Coupling a more reliable DNA synthesis approach with an efficient means of error corrections without any additional purification or enzymatic requirements provides a rapid means to clone and express proteins when the source of genomic or complementary DNA is limited or not available at all. This is particularly useful in crystallographic studies where altering specific amino acid sites or regions is required for overexpression or structural packing. Protein crystallization is often very sensitive to inter- and intramolecular packing where, for example, producing optimal ionic network interfaces through the apposition of extensive hydrophobic surfaces [30] or even constructing protein chimeras determine the successful outcome of a crystallographic structure [31]. In addition, strategic incorporation of sulphur [32, 33] containing residues or methionine for selenomethionine replacement would be very useful in constructing protein molecules with intrinsic atoms useful for crystallographic phasing (i.e. single-wavelength-anomalous diffraction) [34].

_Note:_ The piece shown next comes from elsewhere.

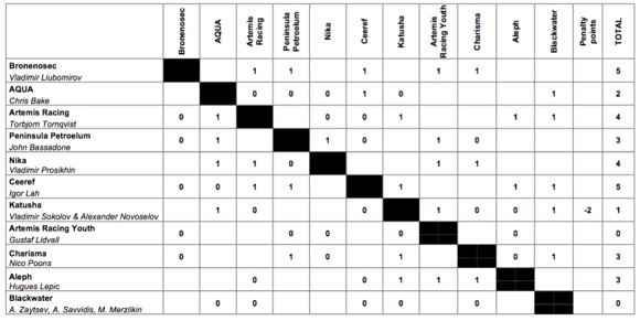 However, the Russian team was not as invincible as their score suggested. As Bronenosec’s Italian tactician, Michele Ivaldi observed: “We had good starts, good crew work, good speed, good driving. In the race against Peninsula Petroleum when we were behind, we kept it close and at the first chance we pounced. Against Artemis we were behind, split gates and after a little fight at the top of the second beat we managed to sneak in front.”

It is very feasible to integrate gene synthesis into a non-automated gene to crystal pipeline such that genes can be systematically designed, synthesized and implemented for recombinant expression followed by crystallization screening in a efficient throughput manner. Figure 5 illustrates the flow of execution from design to crystal. Once the sequence of the open reading frame has been decided, the process from ordering the oligonucleotides to crystallization screens can be realized within 2 weeks. One of the most time consuming steps found in structural genomics pipelines at the level of protein expression is subcloning the amplified products into appropriate expression vectors by restriction digest and ligation reactions followed by transformation into a propagating host [16]. We have reported directional cloning methods that use in vivo homologous recombination to be the most efficient and cost effective because cloning can be accomplished without purchasing special vectors or expensive enzymes. The procedure can be achieved rapidly using multichannel pipettes to dispense multiple reactions and bulk transformation in competent cells. We have routinely obtained over 95% success in recombinant insertion of the synthesized or modified gene fragments. We have been using the pET vectors (Novagen, Madison, WI, USA) for successful expression of hyperthermophilic proteins. No tagging was necessary since a heat selection step was included as part of the initial purification procedure and used as an indicator for thermal stability and solubility. In high throughput mode, it is possible to examine multiple synthesis products and undergo expression trials in 96-well plates as reviewed by Hughes and Ng [16].

Figure 5
figure 5

Gene to crystal flowchart. Gene synthesis can be integrated into an experimental pipeline where proteins can be designed for crystallization screening. It is possible to design variations of protein constructs by exploiting the SeqTBIO method of sequential DNA assembly (path 1 to 6). Different constructs can be screened for expression in 96-well format array and evaluated for the protein solubility and stability (path 7). In our case, we used heat stability as a biochemical selection criterion. However, recombinant tags can be easily incorporated at the DNA synthesis level whereby the resulting expressed proteins can be selected with affinity binding matrices (e.g. His or GST tags). Large scale production can then be performed for crystallization trials (path 8–9). Initial crystals obtained would undergo optimization and preliminary X-ray analysis (path 10). Further protein sequence changes can be made if necessary for further processing (path 11).

The paz and polA genes are shown here as examples on how we have used the gene synthesis technique to produce novel proteins for protein crystallization. When the natural coding sequences of both proteins were cloned and prepared for recombinant protein expression in E. coli, all attempts to produce proteins failed. Both sequences showed codon usage that significantly diverged from that of E. coli. Recombinant expression could only be obtained after codons were optimized.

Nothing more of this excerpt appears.